Universal Flash Storage (UFS) is a flash storage specification aimed at providing high performance and low power storage memory for mobile phones. UFS has been supported in the Linux kernel since v3.4. Specifications for UFS and its associated Host Controller Interface (UFSHCI) are maintained by the JEDEC standards committee. Specifications like these are periodically updated to meet industry needs. The JEDEC committee has recently released v4.0 of the UFS and UFSHCI specifications, improving the performance and data protection of UFS based systems.

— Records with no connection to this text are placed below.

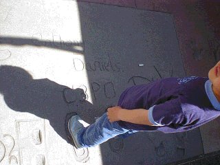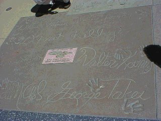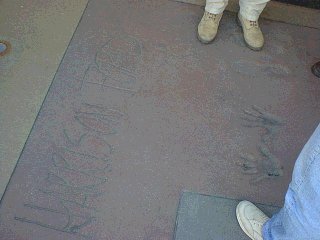 ここはチャイニーズシアターです。地面に有名人の手形,足型があります。
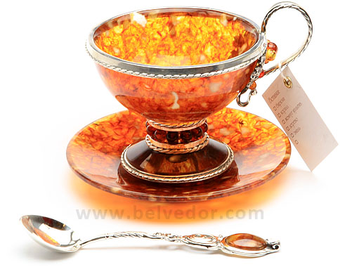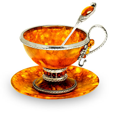 Чайный набор из янтаря "виноград" на 6 персон (серебро)
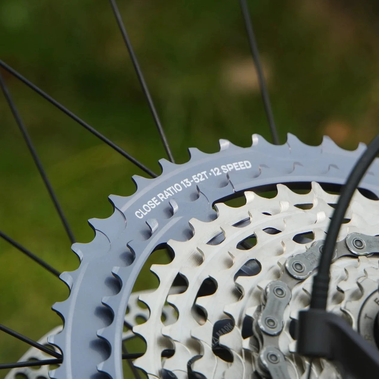 The smaller sprockets are made of steel for strength, and the large sprockets are made of high-strength aluminum for weight optimization. The result is a lightweight yet very durable cassette for SRAM and Shimano 12-speed drivetrains.
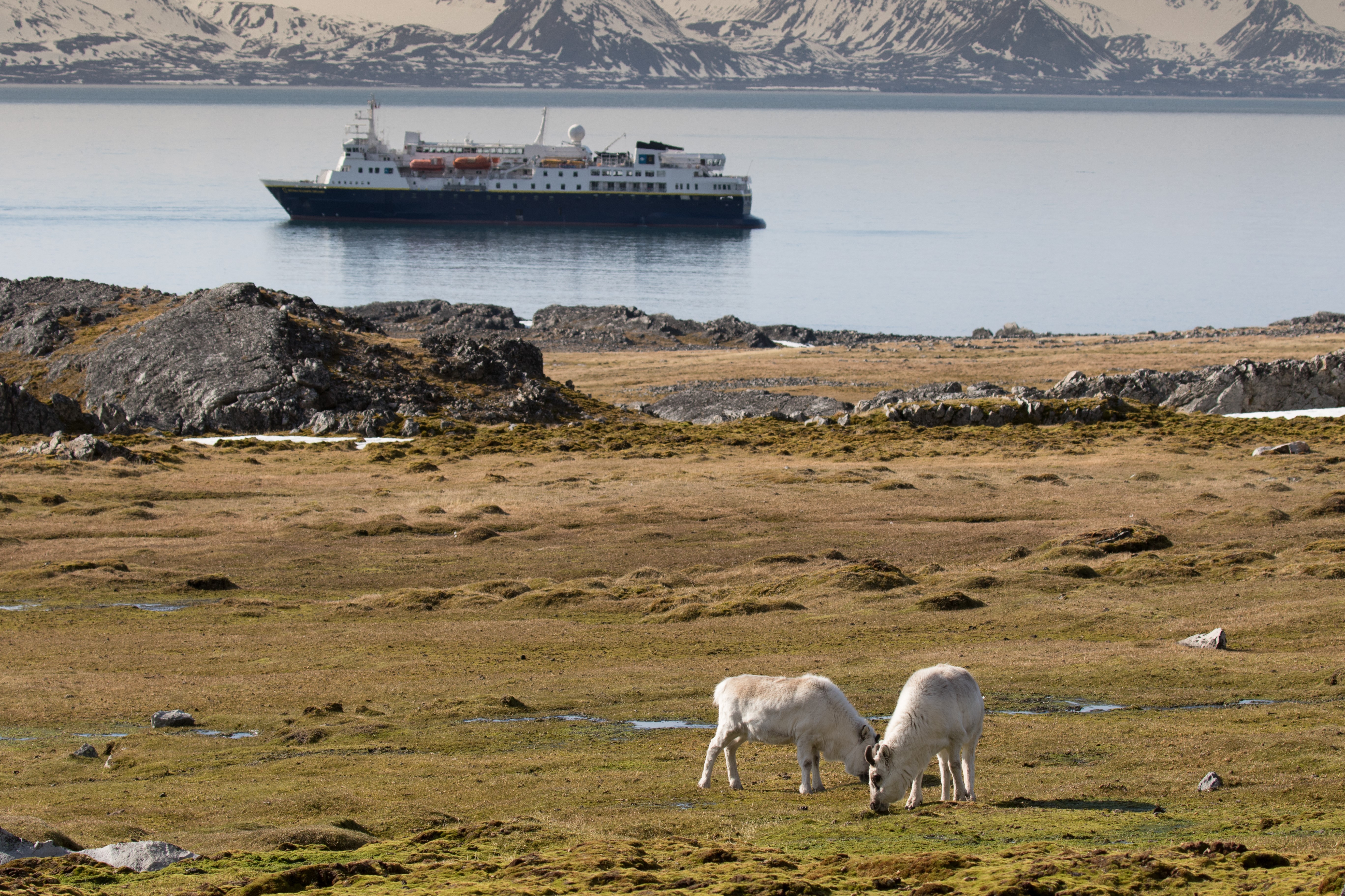 The coastline here is also home to Svalbard reindeer and polar bears. We saw plenty of the former but none of the latter. The ground was littered with the antlers shed by the reindeer over many, many years, if not generations. The reindeer still had their winter coats, so on this warm day, they were to be found lying down on the remaining patches of snow to cool down. Everyone was keeping their eyes glued to the scree slopes of the mountainsides in the hope of catching a glimpse of the very elusive Arctic fox. Alas, every panicked flight and cries of the dovekies merely alerted us to the presence of glaucous gulls or Arctic skuas (parasitic jaegers) rather than our quarry.
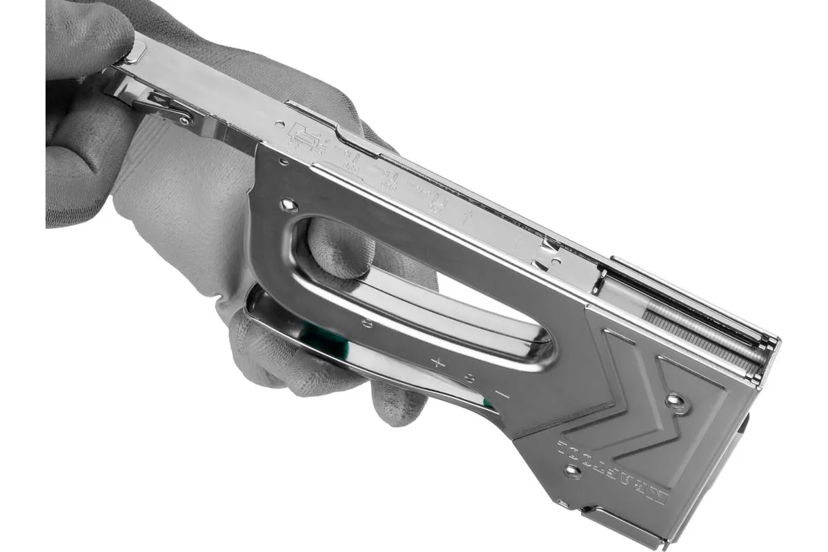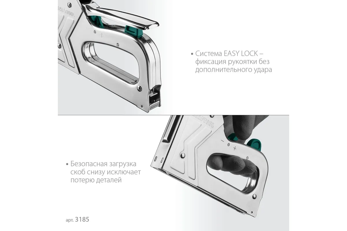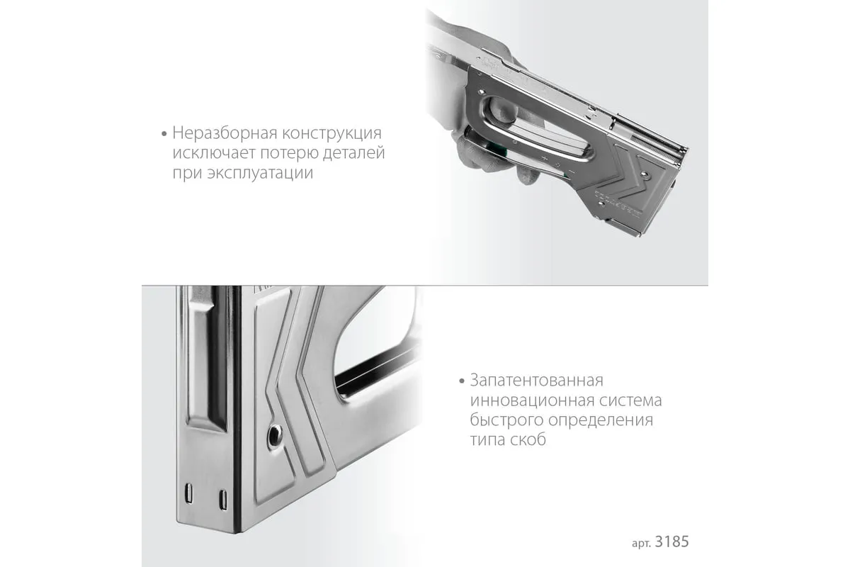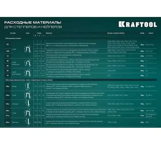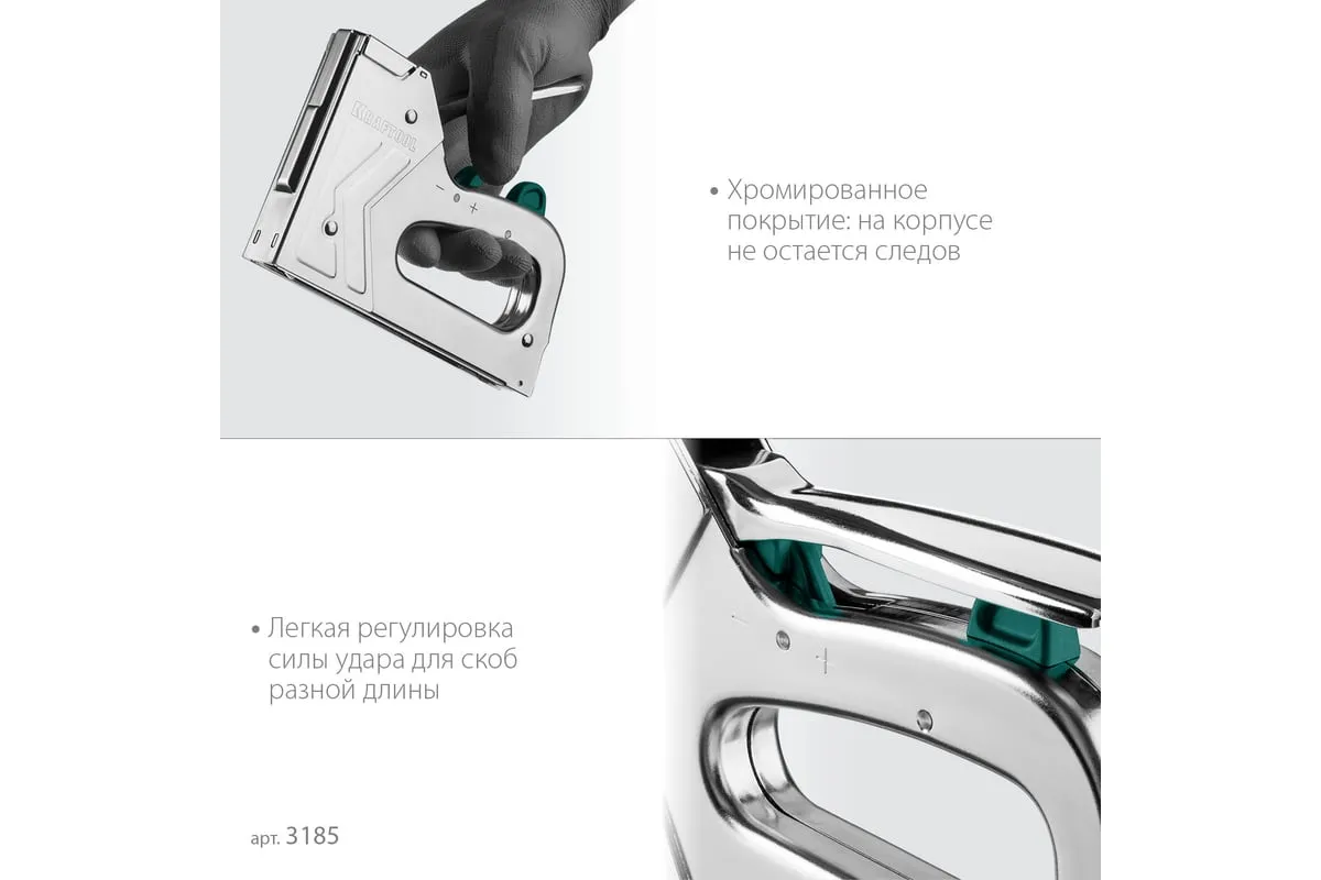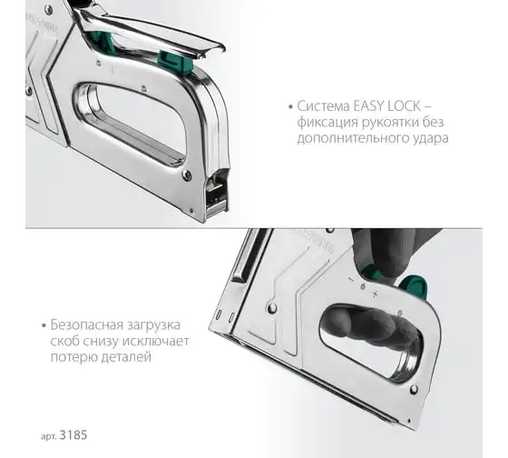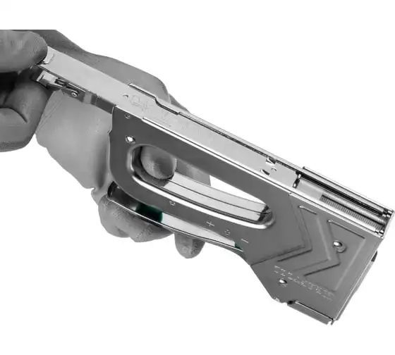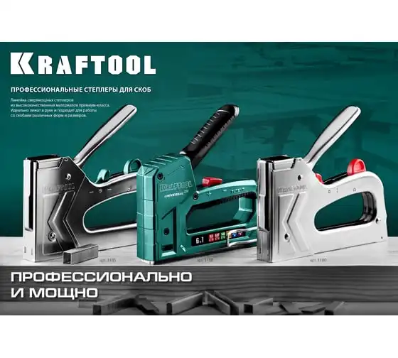 Степлер стальной тип 140, 300, 500, KRAFTOOL HARD-140, 3185 - профессиональный мощный стальной степлер с ударным механизмом рессорного типа, увеличенная мощность, удар без отдачи. PowerControl двухпозиционная регулировка силы удара. FastLoad ускоренная загрузка скоб снизу. QuickLock быстрая система фиксации рукоятки. Стальной хромированный корпус. Применяемые типы скоб: 140 (G/11/57) - для крепления нетканых материалов, плёнок, уплотнителей, бумаги и картона к поверхности из дерева, пластика, двп и т.д. Широкая спинка скобы не прорезает прикреплённый материал. 300 (E|J|8|47) - прочное скрепления заготовок из дерева, пластика, двп и т.п. между собой. 500 (41) – незаметное скрепление заготовок из дерева, пластика, двп и т.п. между собой.
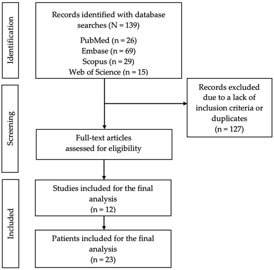 In February 2024, a search for anti-SRP myopathy cases treated with PE returned 139 articles, of which 127 were excluded. Of the remaining 12 articles, clinical data were extracted for 23 patients who met the inclusion criteria (Figure 1) [15,16,17,18,19,20,21,22,23,24,25,26].
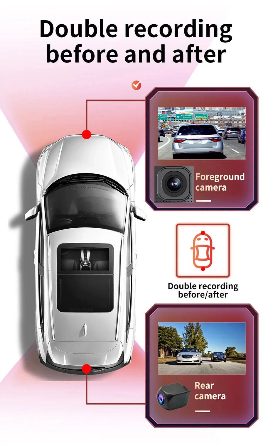 4. With Dual Recording: Front Camera 1080P + Rearview Camera 1080P.
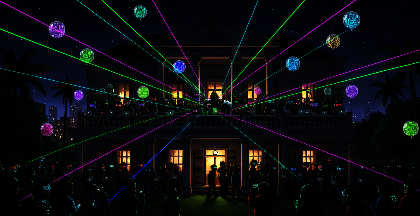 Было очень много народу, хотя он до последнего думал что это будет приватная вечеринка. Все они не просто тусили, а были частью шоу. Кто-то танцевал, сливаясь с тенями в такт пульсирующим ритмам. Кто-то сидел прямо на полу, скрестив ноги, с ноутбуками на коленях. Их лица освещались мерцающими голограммами, плывущими в воздухе линиями кода, трёхмерными графиками взломанных спутников и кадрами из систем наблюдения по всему миру. Это был гигантский, живой, дышащий операционный зал мирового масштаба.
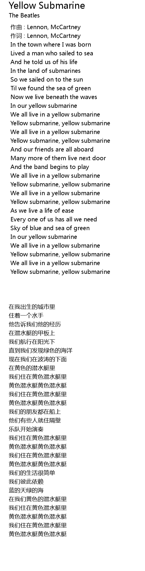 | [00:48.000] | Yellow submarine, yellow submarine |
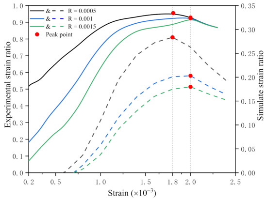 The strain ratio curve can reflect the crack development process of the specimen. According to the experimental strain ratio curve, when the strain is less than 0.0002, micro-cracks appear on the surface of the specimen. From the peak strain, the slope of the curve becomes smooth, which means the increasing rate of cracks slows down. The tendency is consistent with the real experimental crack development shown in Section 4.1.

One of the key performance features added to the UFSHCI specification is Multi-Circular Queue (MCQ) support that allows each CPU core to handle data transfer simultaneously to boost performance of multi-core systems. Qualcomm Technologies, Inc developers Asutosh Das and Can Guo have recently submitted a series of patches adding MCQ support to the UFS subsystem in Linux Kernel, which Linaro helped review, and the patches were merged for v6.3 kernel release. The rest of this article discusses the internals of MCQ support and how it is implemented in the Linux kernel.
Documentation available in the kernel source tree provides an architectural overview of UFS. This article focuses on UFSHCI, where MCQ support is added.
The UFSHCI specification defines an interface for a device driver to access a UFS host controller in a standard way. This allows a generic driver to manage UFS Host Controllers (HCIs) from different hardware vendors.
The HCI driver communicates with a UFS device through a set of memory-mapped I/O (MMIO) registers in the host controller, and transfer descriptors in host memory. The transfer descriptors are data structures organized in the form of transfer “lists” in host memory. The host controller accesses these lists and submits commands to the UFS device in the form of UFS Protocol Information Unit (UPIU). When a response is received from the device in the form of UPIU, the host controller passes the response to the driver using transfer lists.
The data transfer between the HCI driver and the UFS device happens through an array of data structures called UTP Transfer Request Descriptors (UTRD). These descriptors are contained in a list called UTP Transfer Request List (UTRL) in host memory. A descriptor contains the information required for the host controller to create the command UPIU to be sent to the device and also to pass the response from the device received over response UPIU. The data associated with both command and response UPIUs are transferred using the Physical Region Description Table (PRDT) which consists of an array of pointer and size of data buffers.
The UTRL has a doorbell register associated with it, which indicates which UTRDs are available for processing. When the HCI driver writes (rings) to the doorbell register, the controller is signaled of a new work item added to the list. And when the host controller has received the response from the device, it generates an interrupt that allows the HCI driver to handle the completion.
UFS supports a subset of SCSI commands and uses them to communicate with the device. Each SCSI command is identified using a unique task tag, an identifier defined by SCSI. To service a SCSI request, the HCI driver prepares a UTRD, places it on the UTRL and rings the doorbell indicating to the host controller that the UTRD is ready for processing. The host controller parses the UTRDs in the order they were placed on the list and issues the commands to UFS device. On receiving the response from the device, controller updates the response UPIU fields of the corresponding UTRD on the list and notifies the HCI driver through interrupt if applicable. The host controller and driver make use of the task tag to identify the UTRDs in the list.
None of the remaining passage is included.